(Information provided)
_ _ _ _ _

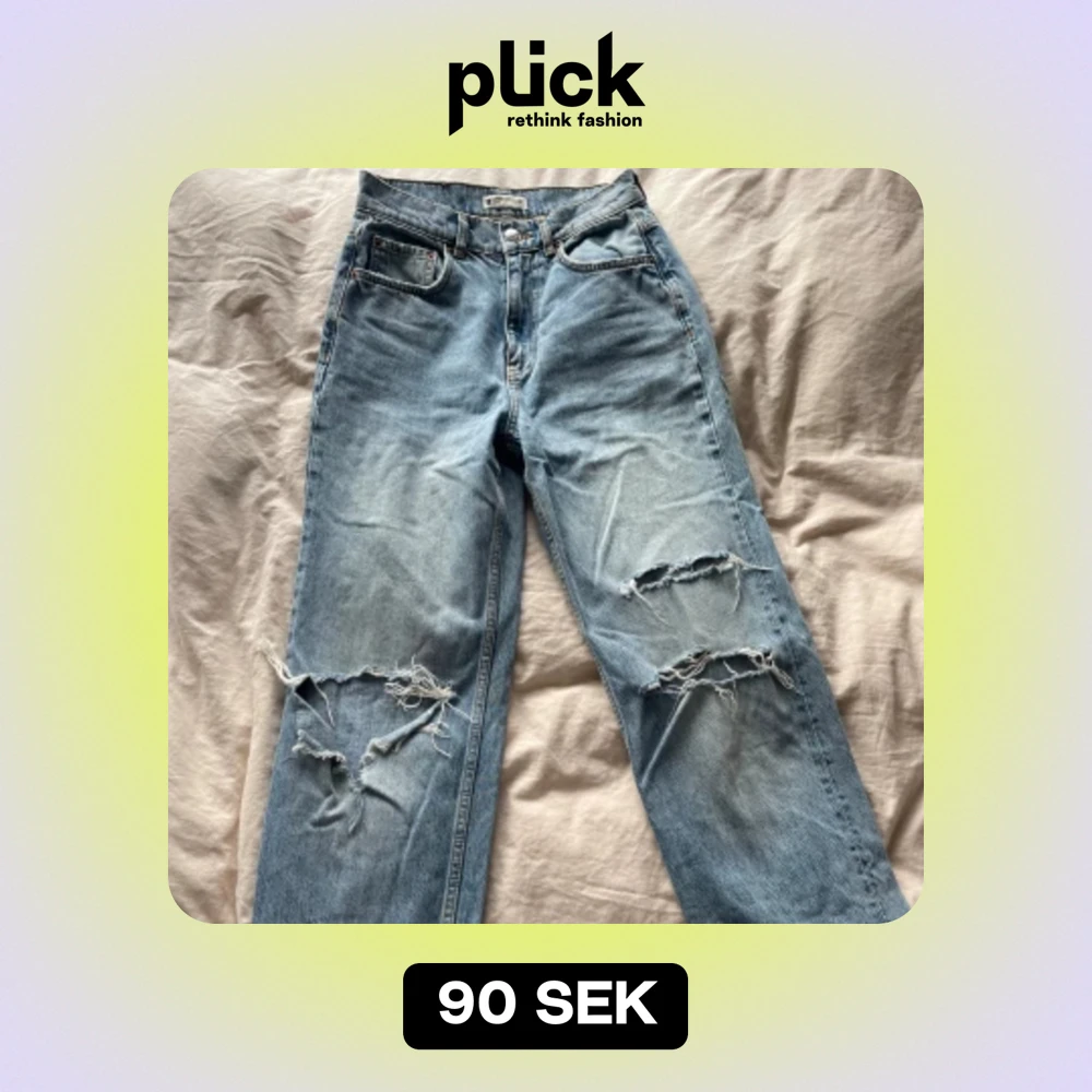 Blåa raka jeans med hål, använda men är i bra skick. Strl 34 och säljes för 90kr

_ _ _ _ _

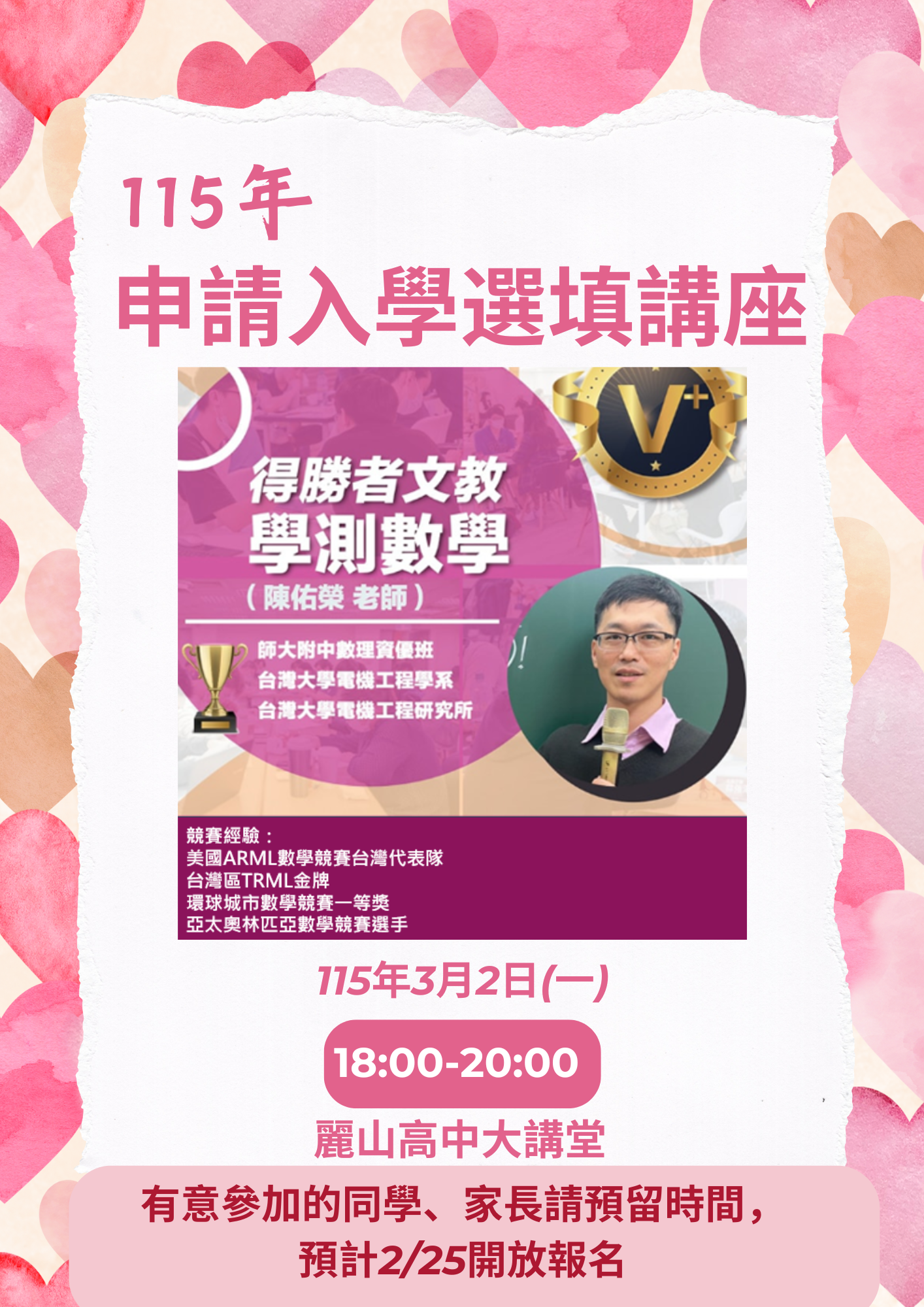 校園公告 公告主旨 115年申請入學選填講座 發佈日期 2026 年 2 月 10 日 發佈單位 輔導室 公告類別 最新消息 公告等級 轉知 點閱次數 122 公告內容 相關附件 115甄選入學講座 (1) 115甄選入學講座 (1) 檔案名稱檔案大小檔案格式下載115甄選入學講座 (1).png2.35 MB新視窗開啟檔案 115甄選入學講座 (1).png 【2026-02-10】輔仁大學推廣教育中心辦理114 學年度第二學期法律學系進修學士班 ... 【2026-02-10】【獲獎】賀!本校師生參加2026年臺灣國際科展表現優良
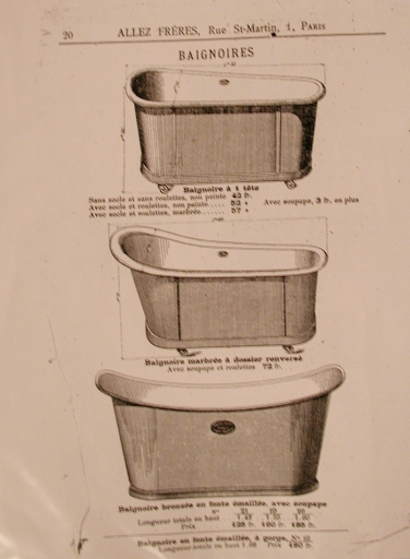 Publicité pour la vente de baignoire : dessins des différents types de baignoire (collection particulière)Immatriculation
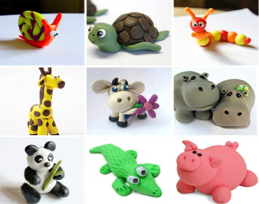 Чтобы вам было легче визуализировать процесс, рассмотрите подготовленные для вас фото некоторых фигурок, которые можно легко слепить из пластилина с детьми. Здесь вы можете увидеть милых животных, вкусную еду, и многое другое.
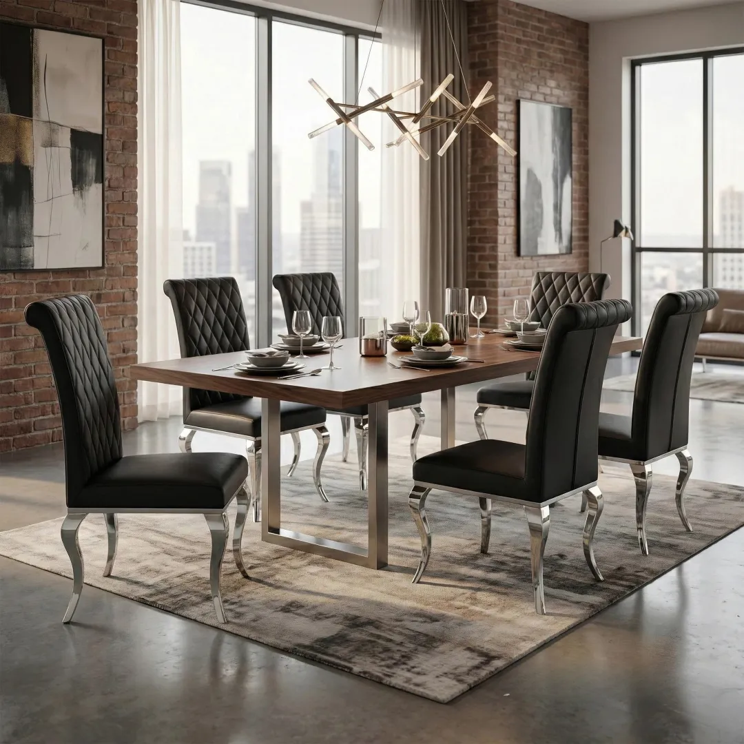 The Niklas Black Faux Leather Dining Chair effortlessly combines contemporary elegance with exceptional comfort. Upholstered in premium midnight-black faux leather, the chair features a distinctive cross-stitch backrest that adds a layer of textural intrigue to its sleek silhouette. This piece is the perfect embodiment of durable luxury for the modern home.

_ _ _ _ _

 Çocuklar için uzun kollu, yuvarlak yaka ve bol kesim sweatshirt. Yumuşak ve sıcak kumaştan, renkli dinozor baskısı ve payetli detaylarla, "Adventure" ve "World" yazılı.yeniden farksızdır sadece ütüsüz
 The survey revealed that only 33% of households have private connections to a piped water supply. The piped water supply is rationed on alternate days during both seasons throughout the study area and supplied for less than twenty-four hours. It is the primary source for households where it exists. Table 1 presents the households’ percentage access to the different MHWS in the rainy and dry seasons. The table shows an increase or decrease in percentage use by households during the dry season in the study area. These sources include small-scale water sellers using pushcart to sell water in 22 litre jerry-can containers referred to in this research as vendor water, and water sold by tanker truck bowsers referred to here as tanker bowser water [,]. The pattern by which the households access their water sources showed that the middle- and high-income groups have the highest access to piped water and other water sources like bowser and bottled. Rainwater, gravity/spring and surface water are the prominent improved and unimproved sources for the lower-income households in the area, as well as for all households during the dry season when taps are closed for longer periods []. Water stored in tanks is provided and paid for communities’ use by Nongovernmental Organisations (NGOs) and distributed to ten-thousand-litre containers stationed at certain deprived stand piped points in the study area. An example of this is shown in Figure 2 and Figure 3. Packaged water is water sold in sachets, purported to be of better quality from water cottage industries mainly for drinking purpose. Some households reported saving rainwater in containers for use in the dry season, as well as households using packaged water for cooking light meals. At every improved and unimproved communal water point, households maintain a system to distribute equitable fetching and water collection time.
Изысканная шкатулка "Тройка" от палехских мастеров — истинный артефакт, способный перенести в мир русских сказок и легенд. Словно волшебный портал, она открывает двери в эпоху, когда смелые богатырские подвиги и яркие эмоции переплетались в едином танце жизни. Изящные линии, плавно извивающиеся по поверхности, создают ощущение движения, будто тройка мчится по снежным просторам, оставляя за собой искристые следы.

_ _ _ _ _

(Task directions)
Write out the lines above from the one with "Чтобы вам было" through the one with "The Niklas Black Faux", ends included, exactly; no picture goes in.

(Task answer)
 Чтобы вам было легче визуализировать процесс, рассмотрите подготовленные для вас фото некоторых фигурок, которые можно легко слепить из пластилина с детьми. Здесь вы можете увидеть милых животных, вкусную еду, и многое другое.
 The Niklas Black Faux Leather Dining Chair effortlessly combines contemporary elegance with exceptional comfort. Upholstered in premium midnight-black faux leather, the chair features a distinctive cross-stitch backrest that adds a layer of textural intrigue to its sleek silhouette. This piece is the perfect embodiment of durable luxury for the modern home.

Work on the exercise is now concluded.